Eine sehr häufig gestellte Frage ist die mögliche Wechselwirkung zwischen DMSO und den zahlreichen anderen Medikamenten, die in der institutionellen Medizin eingesetzt werden und mit denen viele, vor allem ältere Patienten, „gesegnet“ sind. Hierzu darf man berücksichtigen, dass die meisten heute eingesetzten Arzneimittel zur Zeit der intensivsten DMSO-Forschungen bis Anfang der 80er Jahre, noch gar nicht auf dem Markt waren. Dementsprechend gibt es keine wissenschaftlichen Untersuchungen dazu. Handelt es sich um kleinmolekulare Stoffe, dies trifft für die meisten Arzneimittel zu, so ist mit einer Wirkverstärkung dieser zu rechnen. Entsprechend sollte man bei Menschen, die viele „andere“ Tabletten schlucken, das DMSO zunächst sehr niedrig dosieren und beobachten. Gesicherte Verstärkungs-Wirkungen gibt es mit Kortison, Schmerzmitteln (sowohl NSAR als auch Morphin/Opioide), Insulin (Sekundär-Effekt, obwohl Insulin ein großes Molekül ist – Verbesserung der Rezeptoren Ansprechbarkeit!) und verschiedenen Psychopharmaka. Wichtig: Aufgrund neuerer Erfahrungen rate ich dringend davon ab DMSO zusammen mit Antibiotika (verschiedene Substanzklassen) und Chemo-Therapeutika zu verwenden. Die Verwendung solcher Mittel ist explizit bei Patienten nachzufragen, bevor man DMSO anwendet. Die gemeinsame Anwendung von DMSO und solchen Arzneien hat in den letzten Jahren in insgesamt vier mir bekannt gewordenen Fällen dazu geführt, dass sich, als selten und sehr selten gelistete, Nebenwirkungen der Antibiotika/Chemo-Therapeutika einstellten. Dazu gehörten das spontane Auftreten von großflächigen Hämatomen, generalisierte Allergien u. a.. Auf den Punkt gebracht ist also aus meiner Sicht die zeitgleiche Einnahme von Antibiotika/Chemo-Therapeutika die bisher einzige, wirkliche Kontraindikation für den Einsatz von DMSO, gleichgültig in welcher Anwendungsform äußerlich oder innerlich!

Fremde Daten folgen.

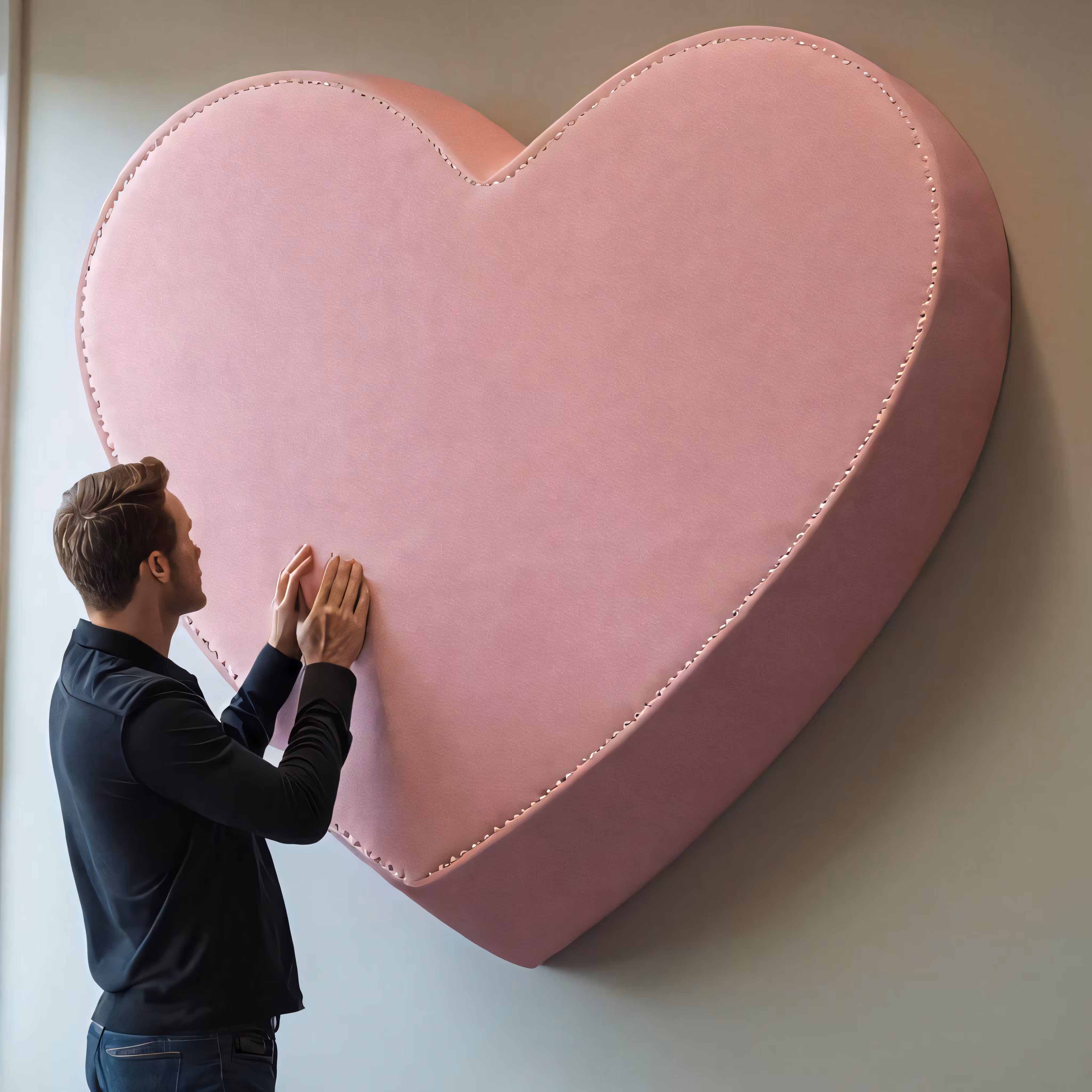 High resolution picture, free to use, a man touching a heart shaped object on the wall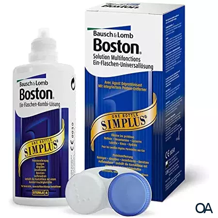 Boston® SIMPLUS™-Kombi-Lösung ist eine innovative Ein-Flaschen-Lösung zum Reinigen, Desinfizieren und Aufbewahren von formstabilen, sauerstoffdurchlässigen Kontaktlinsen. Sie ist für sauerstoffdurchlässige Fluorsiliconacrylat- und Siliconacrylat-Kontaktlinsen zugelassen. Boston® SIMPLUS™-Kombi-Lösung entfernt Proteine und Lipide von der Linsenoberfläche und hilft, hartnäckige Ablagerungen auf der Kontaktlinse zu vermeiden. Diese Lösung eignet sich gleichermaßen auch zum Abspülen von Kontaktlinsen, indem sie gelöste Ablagerungen von der Linsenoberfläche abspült.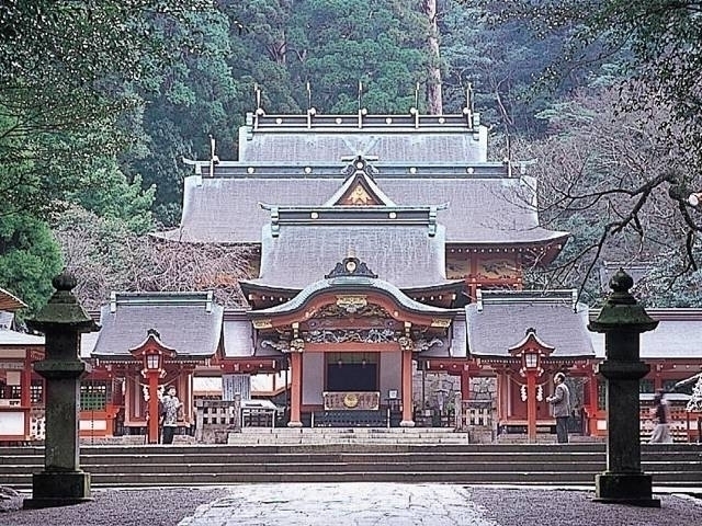 霧島神宮は霧島山の噴火で焼失した天孫降臨伝説の地、高千穂峰のお宮が文明16(1484)年に麓に遷宮されたもの。現在の社殿は正徳5(1715)年に藩主島津吉貴が寄進したもので、ご利益は全搬にわたる。高さ23mの大鳥居は西日本最大級。昭和初期に途絶えた伝統の神楽は市民の手によって復活。社殿では深夜かすかに神楽のような笛の音が聞こえるといわれ、霧島七不思議のひとつとして知られている。なお、高千穂峰には古宮の跡があり、霊峰を向いて立つ鳥居が厳かな雰囲気を漂わせている。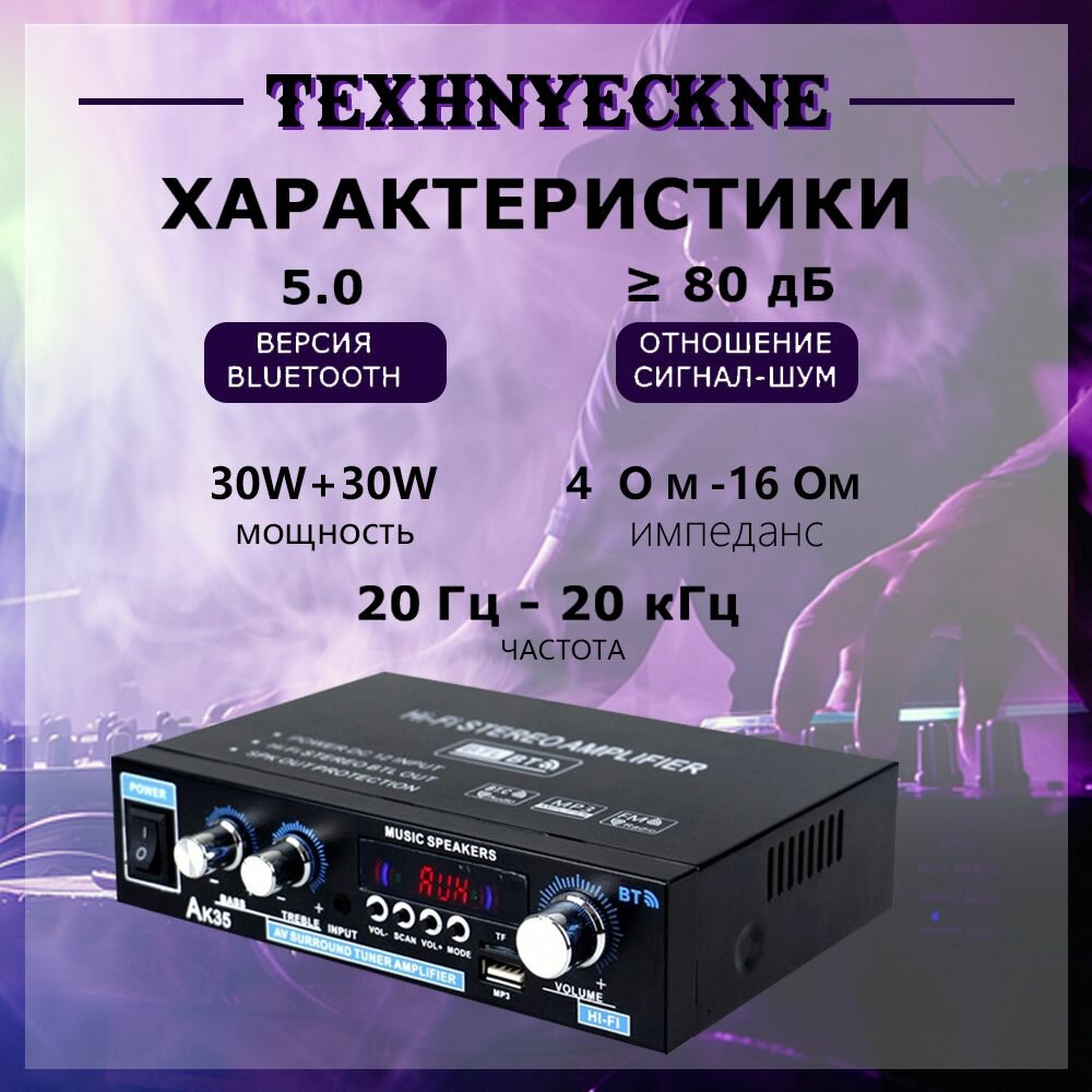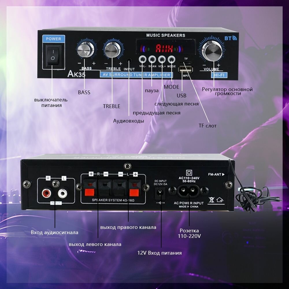 Ниже Вы можете прочитать отзывы на 300 Вт+300 Вт усилитель для колонок с блютуз, усилитель звука для колонок AK35, FM/SD/RAM/USB, ознакомится с подробными характеристиками, посмотреть интересные обзоры и фотографии на 300 Вт+300 Вт усилитель для колонок с блютуз, усилитель звука для колонок AK35, FM/SD/RAM/USB.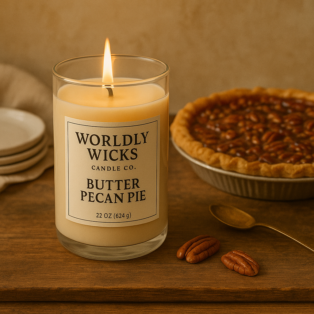 One exquisite note, perfectly captured: Butter Pecan Pie Fragrance Oil in our clean-burning coconut–soy wax.

Ausblick: DMSO ist eine wunderbare heilende Flüssigkeit, die vielfältig und eigenverantwortlich bei unterschiedlichsten Symptomen eingesetzt werden kann. Ein echtes bewährtes Hausmittel und gleichzeitig praxistaugliche Arznei. Die Einsatzgebiete reichen von Verletzungen, Symptomen des Bewegungsapparates und der Haut sowie Schmerzen unterschiedlichster Genese bis hin zu akuten und chronischen Infektionen, Allergien, Autoimmun-Bildern und Ablagerungserkrankungen. Auch für die Behandlung von Tumorerkrankungen hat sich DMSO in Kombination mit Oxidantien (Artemisinin, H2O2, Ozon, CD, …) organischen Farbstoffen (Hämatoxylin, Bengalrosa) oder kleinmolekularen Interventions-Substanzen wie DCA und Furfural als erstaunlich wirksam gezeigt. Ebenso ist Dimethylsulfoxid ein Kombinationsmittel, dass in Praxen und Kliniken die bewährten und bestehenden naturheilkundlichen Therapieformen hervorragend erweitert und in ihrer Wirkung verbessert. 6 Jahre nach der Veröffentlichung von „Das DMSO-Handbuch“, das inzwischen die Stückzahl von mehr als 100.000 verkauften Exemplaren überschritten hat und zum Bestseller wurde, darf man zur Kenntnis nehmen, dass dieses simple Mittel offenbar begeistert von Menschen, die seine erstaunlichen Wirkungen selbst erfahren haben, an Familie, Freunde, Bekannte, Arbeitskollegen, Nachbarn weiter empfohlen wird. Es gehen täglich Emails mit Schilderungen von hervorragenden Anwendungsfällen ein – sowohl von Privatanwendern als auch von Therapeuten. Der Erfahrungsschatz wächst auf diese Weise enorm. Insofern hat DMSO, das Mittel selbst, eine sehr wichtige Botschaft in die Welt getragen, die zentraler Gedanke meiner Arbeit ist: die Medizin soll, darf und muss wieder zu den Menschen!